Un altro ricordo che conservava, confuso e vago come tutti quelli che appartengono alla primissima infanzia, riguardava una grande cerimonia, con centinaia di persone vestite a festa. Lei stava in braccio alla sua mamma e osservava con interesse lo snodarsi del corteo che accompagnava Napoleone all’incoronazione a re d’Italia. Era il 26 maggio 1805, domenica. La cerimonia era stata in origine fissata per il giovedì 23, ma quel giorno su Milano era caduta ininterrotta una fitta pioggia accompagnata da forti raffiche di vento, per cui si era dovuto rinviare tutto.

Domenica invece c’era il sole. Napoleone, sotto il peso dell’ampio manto di velluto verde cupo, sembrava ancora più basso e tarchiato. Impugnava lo Scettro della Mano di Giustizia d’Italia e, cingendo la corona ferrea, simbolo dei re longobardi, aveva esclamato: “Dieu me l’a donnée, gare à qui y touchera!”. Subito dopo l’incoronazione alle quattro del pomeriggio, le Loro Maestà Imperiali si erano recate alla chiesa di Sant’Ambrogio per rendervi grazie. I sovrani erano sul settimo equipaggio con tiro a otto dei tredici che componevano il fastoso corteo. Sul retro del cocchio imperiale vi erano otto Livree di Corte a tre ordini, vestite di panno “verde dragone”, con ricche gallonature d’oro in cintura.

I bambini, però si erano presto annoiati e la partecipazione a quella festa, era diventata per loro un peso.

Degli anni successivi Giuditta non ricordava quasi nulla, fino al momento in cui aveva dovuto lasciare la famiglia per entrare in collegio. Era il 1815 e lo scenario politico era decisamente cambiato. Il piccolo uomo dal grande mantello scuro era stato sconfitto, esiliato. Con lui era finito il Regno italico, ed erano rimaste deluse le speranze di indipendenza che avevano spinto uomini come Ugo Foscolo a riprendere spada e divisa.

L’Austria, con la Lombardia e il Veneto, aveva dato vita a un regno che non assomigliava per nulla a quello scomparso.

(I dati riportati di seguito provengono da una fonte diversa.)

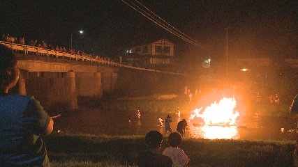 附馬牛町できのう(16日・水曜日)、送り盆の行事舟っこ流しが行われました。舟っこ流しは、お盆に迎えた先祖や故人の霊を送り、無病息災を願う送り盆の行事です。附馬牛町にある徳昌寺では、毎年8月16日に地域の人たちや有志が集まり、舟っこ流しを行っています。午後7時すぎ、初盆を迎えた人たちの位牌を乗せた舟と先祖を供養するための行灯を乗せた2艘の舟が寺を出発し、猿ケ石川へ向かいました。そして、猿ケ石川に運ばれてきた舟に火が点けられると、男衆たちが燃え上がる舟を引き川を下りました。また、川には、初盆を迎えた家族が作ったおよそ200個の灯籠も一緒に流され、川いっぱいに灯籠の明かりが広がりました。集まった人たちは、舟と灯籠を静かに見つめ、夏の終わりを感じている様子でした。
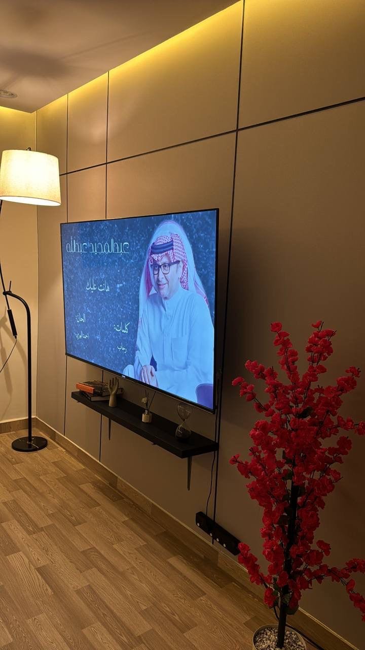 High luxury apartment with: 1- BBQ 2- Outdoor jacuzzi 3- private entrance + self entry 4- waterfall 5- garden 6-projector 7- coffee machine+popcorn maker 8- Kitchen with equipment 9- Hotel Robes, towels and slippers 10- Bose sound sys in all home شقة مودرن عصرية للاستجمام وراحة البال 1- شواية 2- ساوند سيستم كامل بالشقة 3- جاكوزي خارجي 4- مدخل خاص 5- شلال 6- حديقة 7- بروجكتر خارجي 8- قهوة ( بلاك + كبسولات ) + آلةالفشار 9- مطبخ بكامل التجهيزات 10- ارواب و سليبرات فندقية

Gli austriaci erano governanti sospettosi, pedanti, che si servivano di spie per sorvegliare tutto e tutti, ma non riuscivano comunque a controllare il fenomeno dilagante dell’aggregazione segreta. Le sette si formavano ovunque, legate le une alle altre da un filo sottile ma tenace, da un unico scopo, quello della libertà della patria dall’oppressore straniero.

Queste sette, tra cui quella dei Sublimi Maestri Perfetti, erano tutte propaggini della Massoneria. Promulgavano leggi, decretavano sommosse, salvo sparire in seguito a un tentativo fallito e alla conseguente feroce persecuzione, per poi ricomparire e riconquistare il terreno perduto con nuove lotte, con nuovi sacrifici.

Quando ebbe undici anni, nel 1815, Giuditta fu mandata nel Collegio delle Fanciulle Civili di Milano. Fu per merito di suo padre, che ottenne un posto nell’istituto di educazione, dove la ragazza rimase dal 1815 al 1820. Quegli anni furono sereni. Giuditta li ricordava con tenerezza, con struggente malinconia. Quanti sogni, quante speranze, quante risate con le compagne. Però, la spensieratezza della adolescenza lasciò presto il posto a un sentimento diverso e più serio, più intenso, l’amore.